|
Monday 9th October 2017 |
Text too small? |
The New Zealand dollar held below 71 US cents, having earlier sunk to a five-month low, after the count of special votes at the weekend left the election too close to call, while talk of a North Korean missile test weighed on the greenback.
The kiwi traded at 70.75 US cents as at 5pm in Wellington from 70.53 cents at the start of the day and from 70.92 cents in New York on Friday. The trade-weighted index declined to 74.86 from 75.11 on Friday.
The kiwi dropped when the market opened today after the weekend announcement that Labour and the Greens each took one seat from National, leaving the NZ First Party as king/queen maker. NZ First leader Winston Peters, who has set Thursday as a deadline for coalition talks, told reporters today that foreign ownership rules were on the agenda for forming the next government but generally declined to give details of negotiations, citing the need for confidentiality.

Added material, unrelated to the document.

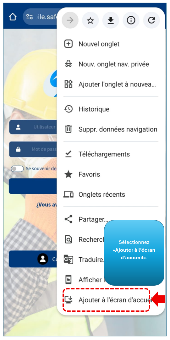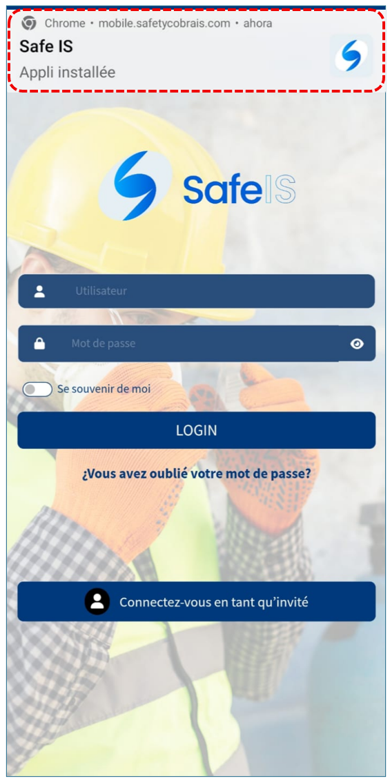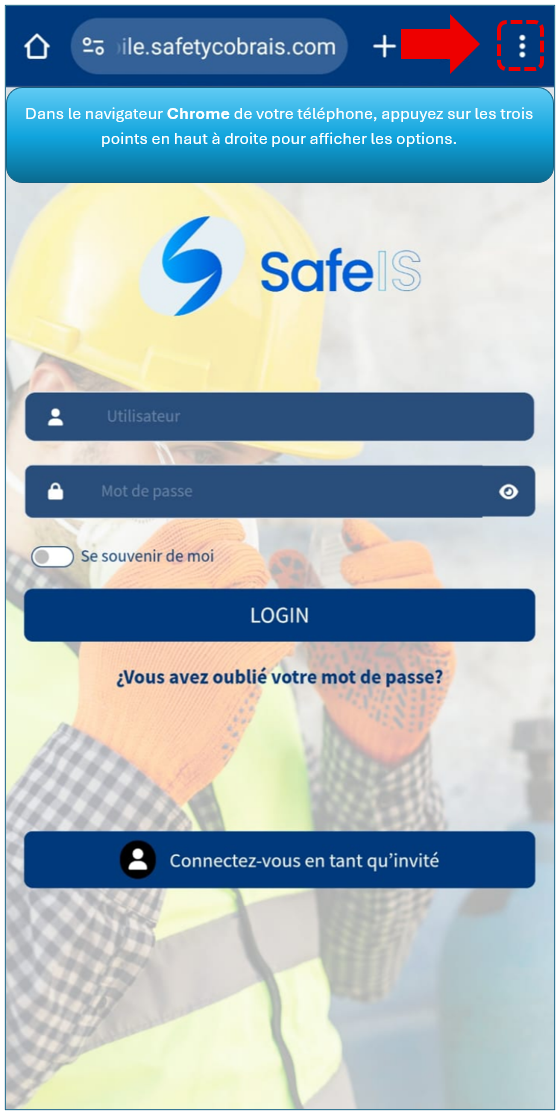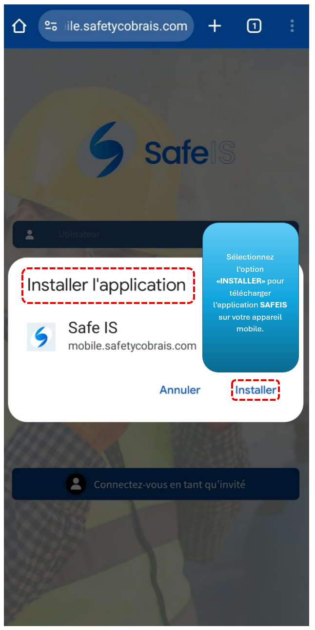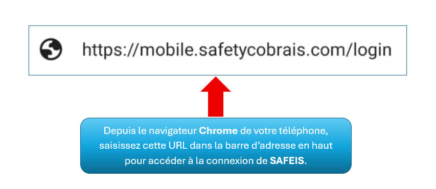 Pour installer l’application SAFEIS sur votre appareil mobile, vous devez saisir l’adresse suivante dans la barre d’adresse du navigateur Chrome :

"It's still a bit of a line-ball call," said Tim Kelleher, head of institutional foreign exchange sales at ASB Bank. If NZ First aligns with Labour/Greens "I would've thought we might get a knee-jerk selloff in the kiwi" and it could quickly slip below 70 cents.
The US dollar jumped on Friday in the US after payrolls data showed that economy unexpectedly shed 33,000 jobs last month, reflecting hurricane disruptions, although wage inflation rose and the jobless rate fell. However, the greenback fell again after reports that North Korea is preparing to test a missile capable of reaching the US West Coast.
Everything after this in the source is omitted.